Aún quedan muchas andanzas que voy recopilando para una posterior entrega, como el recuerdo de aquel profesor salesiano bajito, forofo del Real Madrid, que apodábamos Ninchi y que nos marcó a toda una generación. No hay cena de confraternización de exalumnos de los Salesianos en que no salga a relucir el personaje. Era un sujeto singular muy de la época. Una figura que hoy no tendría lugar. Nos daba la materia de latín, recuerdo que leía en alto las calificaciones declinando los apellidos de los alumnos: “Almón, almonis: cero, ceronis... Amez, amecito: uno, unito...”. Comenzaba por la A y continuaba la retahíla hasta la Z. Un día, no se quien estaba dando lectura memorística de algunos tiempos de los verbos irregulares, que se las traían, sobre todo aquel de: “fero, fers, ferre, tuli, latum” y de repente Ninchi, con su sotana y alzacuellos, se subió a la ventana de la clase del nuevo colegio, una altura equivalente a un tercer piso y, haciendo ademán de dejarse caer al vacío, ante los errores constantes del declinante, dijo: “yo me desespero... me tiro por la ventana... ayúdenme a tirarme”... los niños lo agarrábamos del hábito para que no cayera pero él se zarandeaba alocadamente. Ahora se preguntarán porque nuestra generación tiene, como dicen ahora, una capacidad de resiliencia especial. Quizá sea porque nos ha tocado vivir situaciones anodinas, complicadas, esperpénticas y, porque como decía mi madre: “en la vida al final todo viene a bien”. Después de un episodio como el que he contado, al contrario de lo que sucede hoy, no quedabas para nada traumatizado ni te tenían que llevar al psicólogo para digerir la experiencia, simplemente pillabas aquel carro de ruedas de caja de bolas con pana de madera y punta triangular, que llevaba la suela de la zapatilla clavada en el palo del eje para frenar, subías el Castro hasta donde está el conservatorio de música y desde ahí te tirabas a tumba abierta hasta el Campo de Granada, girabas y bajabas por Cachamuiña hasta el Paseo de Alfonso. Fin del recorrido. Te daba el aire a tope y lo de Ninchi se volvía simplemente una anécdota. A los padres no se les contaba demasiado, bastante tenían con lidiar con su día a día para irles con preocupaciones.

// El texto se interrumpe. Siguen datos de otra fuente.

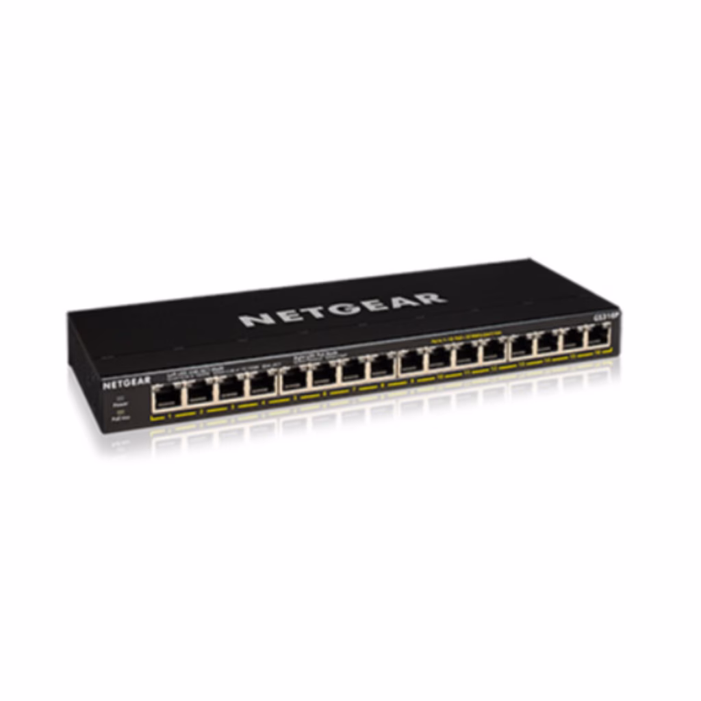 NETGEAR GS316P Switch PoE + non gestito con 16 porte Gigabit Ethernet, 115 W PoE + Budget, Fanless, Plug-and-Play - Budget PoE aggiornabile con NETGEAR FlexPoE.
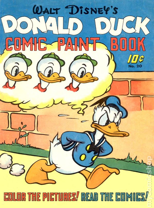 Stories and art by Bob Karp and Al Taliaferro. Considered part of Dell's Large Feature Comic series, this is actually more like a Donald Duck coloring book. While there are Donald Duck comic strips reprinted, the emphasis is on the large Donald Duck images to color on each page. 8 1/2-in. x 11 1/2-in, 52 pages, B&W. Cover price $0.10.

Como podéis observar, queda todavía mucha munición sin usar para incardinar una futura entrega pero en la vida, es importante saber cuándo hay que dar un descanso para poder retomar con más fuerza una segunda oportunidad. Ahora, voy a iniciar un nuevo periplo, a través de otra columna semanal en este mismo diario, relacionada con el envejecimiento, eso a lo que se llega irremediablemente y para lo que no estamos demasiado preparados porque viene sin manual de instrucciones. Aprender a envejecer desde la tierna infancia puede ser una garantía para tomar conciencia de la necesidad de llegar a ese estadío con un plan vital que haga de ese momento cronológico, cada vez más largo y placentero gracias a la medicina y los avances sociales, algo maravilloso que nos permita continuar con las relaciones intergeneracionales como en la etapa pre-jubilar y alejado de cualquier tipo de exclusión o estigma etario. Os espero en la columna “Más allá del gueto cronológico” cada semana en las páginas de este diario.